━━━━━ RECORDS FOR PROCESSING ━━━━━

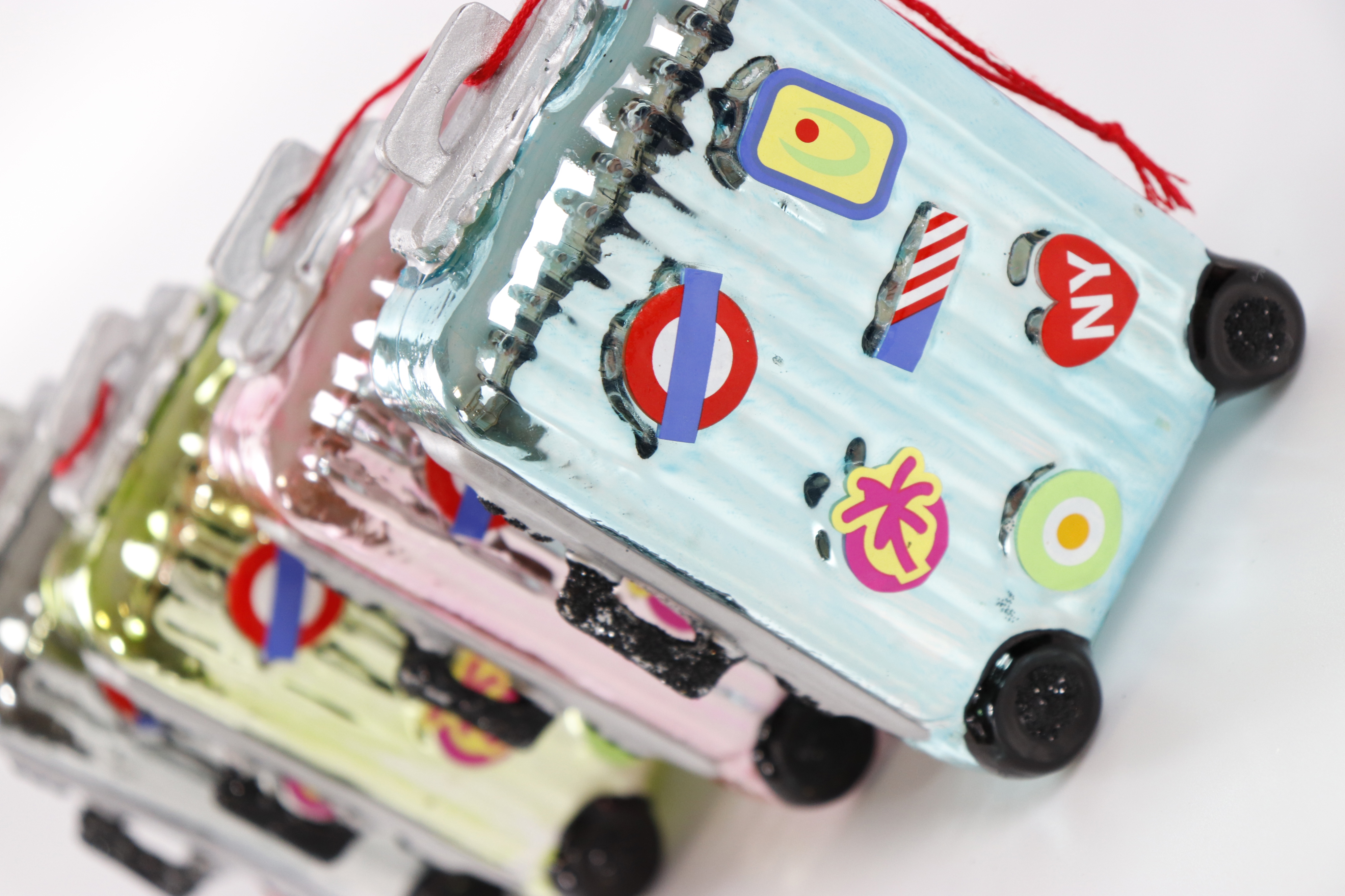 Verleihen Sie Ihrem Weihnachtsbaum einen einzigartigen und stimmungsvollen Akzent mit unserem stilvollen Glasschmuck "Traveller" Set. Mit der Artikelnummer 3184 bieten wir in unserem Onlineshop eine exquisite Sammlung von vier kunstvoll gefertigten Koffer-Anhängern aus Glas an, die sich perfekt in jedes festliche Wohn- und Lifestyleambiente einfinden lassen.
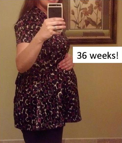 36 week bump! I feel great all things considered. I even slept pretty well last night. My biggest complaint is still the heartburn I get in the middle of the night no matter what time I eat last before bed.
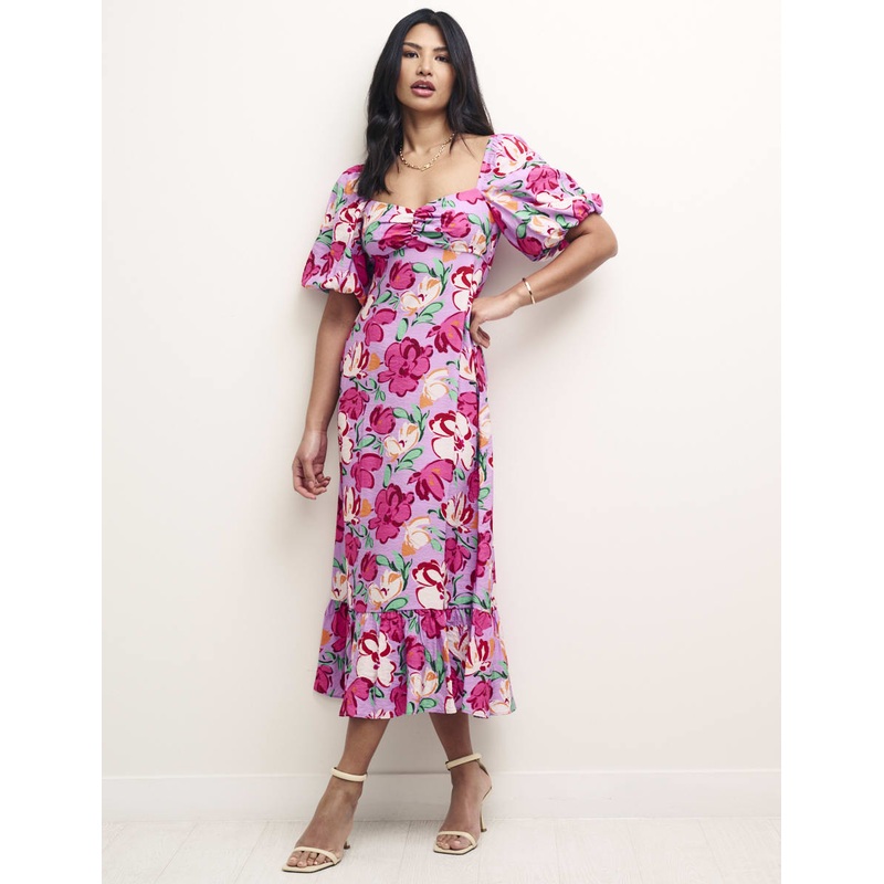 Were in love with Darcie. A series of brushstroke petals come together in a pink peony print. A ruched sweetheart neckline, scoop back and flouncy tiered hem adds to the artful feel of this midaxi. Add her to basket shes worth making plans for.
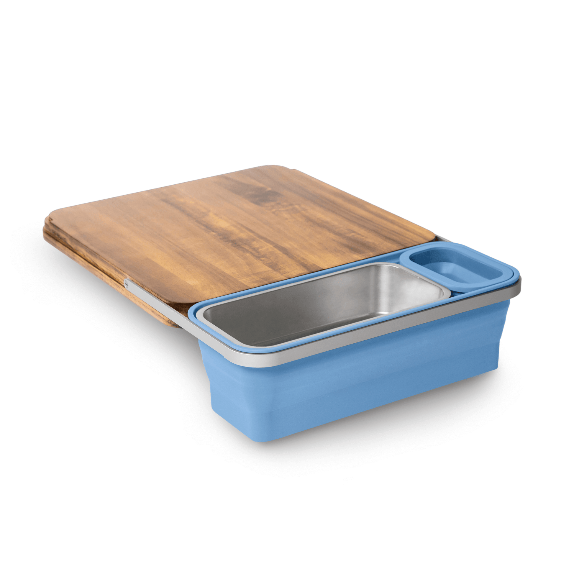 The hanging design and collapsible containers maximize countertop space and make food prep fast and fun! By hanging off the edge of the countertop or over the sink, TidyBoard utilizes previously unused space.
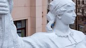 В Москве завершилась реставрация скульптур "Промышленность" и "Сельское хозяйство", расположенных по адресу: Подколокольный переулок, дом 16/2, строение 1.

━━━━━

No pictures should appear; only the lines from the first line of the records through the line with "36 week bump!", both included, are to be restated word for word.

◆ RESULT BELOW:
 Verleihen Sie Ihrem Weihnachtsbaum einen einzigartigen und stimmungsvollen Akzent mit unserem stilvollen Glasschmuck "Traveller" Set. Mit der Artikelnummer 3184 bieten wir in unserem Onlineshop eine exquisite Sammlung von vier kunstvoll gefertigten Koffer-Anhängern aus Glas an, die sich perfekt in jedes festliche Wohn- und Lifestyleambiente einfinden lassen.
 36 week bump! I feel great all things considered. I even slept pretty well last night. My biggest complaint is still the heartburn I get in the middle of the night no matter what time I eat last before bed.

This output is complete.